Существующие типологические классификации языков разработаны в системно-структурной парадигме и отражают существенные признаки языков в области звукового состава, способов выражения грамматических значений, особенностей синтаксического строения предложения, преобладание которых формирует тот или иной языковой тип. Поскольку при описании языковых типов в фокусе внимания исследователей находились особенности внутренней структуры языков, вопросы отражения в ней особенностей мировосприятия этноса занимали периферийное положение. Вместе с тем полное и глубокое описание типологических особенностей языков неминуемо выводит исследователя на специфику мировосприятия и мышления.

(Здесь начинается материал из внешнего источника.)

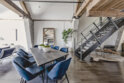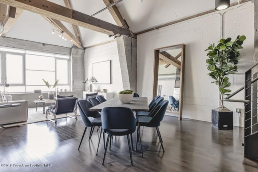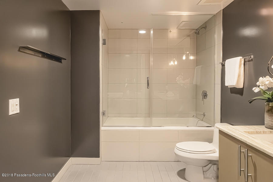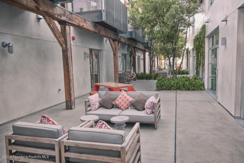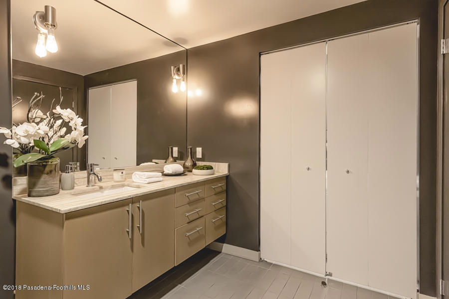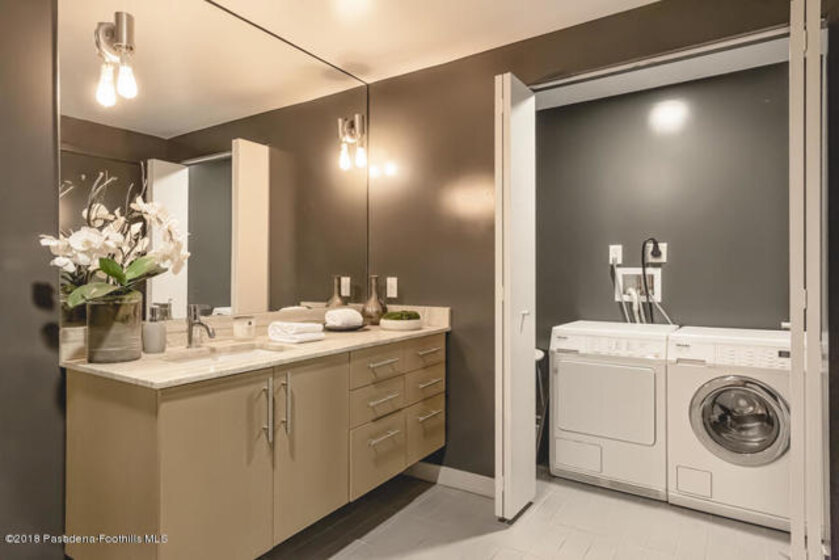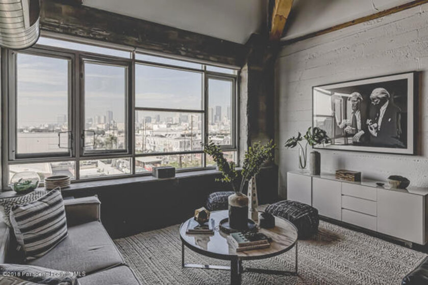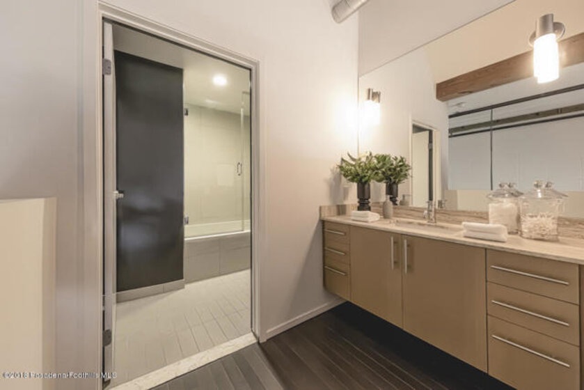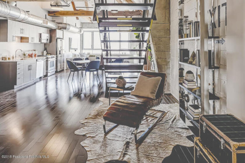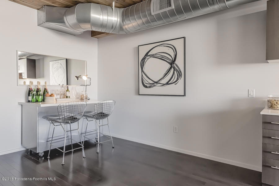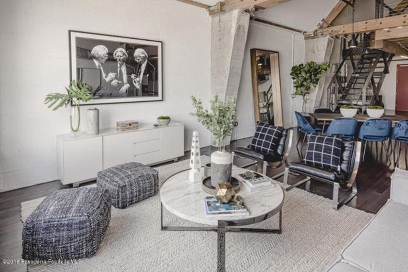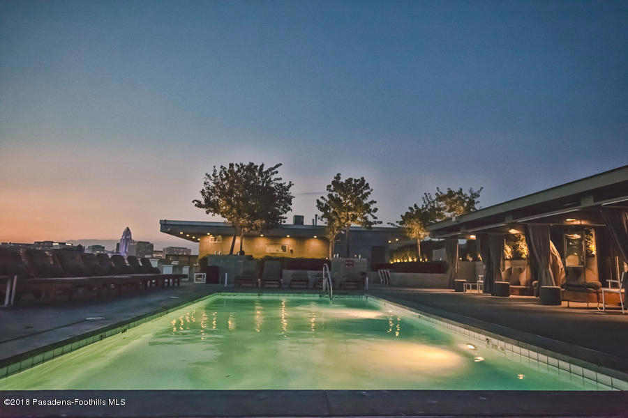Opportunity at the Barker Block - offering from the original owner, is this chic & elegant, west facing industrial live/work Penthouse. Enter and be greeted w/high vaulted ceilings, dark wood floors, exposed wood beams & posts; beyond the foyer, is an oversized bathroom, housing a laundry room in a closet that is spacious enough to use as storage, a gourmet kitchen offers S/S appliances, ample cabinets, a custom designed kitchen island on wheels w/ yet more cabinets, open floor plan living space allows one to utilize with imagination and preference, stunning industrial staircase escalates you to the mezzanine level, where you will find the main bedroom and a second full bath, there is room to potentially expand the mezzanine level for a second bedroom up, concrete accented wall of windows, framing beautiful sunsets nightly over the downtown LA skyline. Unit comes with one deeded parking in a gated and attached parking structure. Luxurious amenities include a resort-style roof top with pool/spa, cabanas, fireplace, and fitness center, and 24/7 security on site. Close to variety of popular eateries, restaurants, museum, park, stores, metro gold line, and just minutes to many major freeways. Come and enjoy a stylish/urban living in the Arts District

Так, описывая типологические особенности языков банту, В. А. Виноградов отмечает, что когнитивной основой этой классификации является этнокультурная категоризация мира [Виноградов 2000: 420]. Совершенно очевидно, что утверждение об этнокультурной основе категоризации мира и ее отражении в классификации языков справедливо не только в отношении отдельной группы языков, в которых следы этнокультурной специфики мировосприятия прослеживаются более отчетливо, но и в отношении тех языков, в которых эти следы прослеживаются менее отчетливо, потому что многие грамматические факты языка могли «технизироваться», т.е. стать частью языковой системы языка и утратить признаки этнокультурной специфики (о чем говорил в свое время В. И. Абаев).
Уже в работах основоположника морфологической классификации языков В. фон Гумбольдта мы находим мысль о том, что различия в морфологическом строении языка несут на себе печать, являются результатом различий мировосприятия, которые запечатлелись в грамматическом оформлении мысли. Именно особенности мировосприятия, характер нации, по мнению В. фон Гумбольдта, коренятся в глубине языков и определяют строение каждого языка. Так, говоря о характере языков, лежащем в основе выделения языковых типов, Гумбольдт пишет: «Грамматическим строем, который мы до сих пор рассматривали в общем и целом, и внешней структурой (Structur) сущность языка, однако, еще далеко не исчерпывается; его более своеобразный и подлинный характер покоится на чем-то гораздо более тонком, сокровенном и менее доступным для анализа (подчеркнуто нами – Л.К.). <…> В соответствии с индивидуальной неповторимостью того способа, каким дух выражает себя через язык, последний получает окраску и характер. <…> Образ мысли и мироощущение народа, придающие <…> окраску и характер его языку, с самого начала действуют на этот последний. <…> Царство форм – не единственная область, которую предстоит осмыслить языковеду; он не должен, по крайней мере, упускать из виду, что в языке есть нечто более высокое и самобытное, что надо хотя бы почувствовать, если невозможно понять» [Гумбольдт 2000: 162-163]. Представляется, что именно в этих словах великого ученого содержится программа действий для будущих исследований этнолингвистического направления, направленных на то, чтобы попытаться выявить причины этнокультурного характера, которые обусловили появление тех или иных грамматических форм и их дальнейшее развитие в национальном языке.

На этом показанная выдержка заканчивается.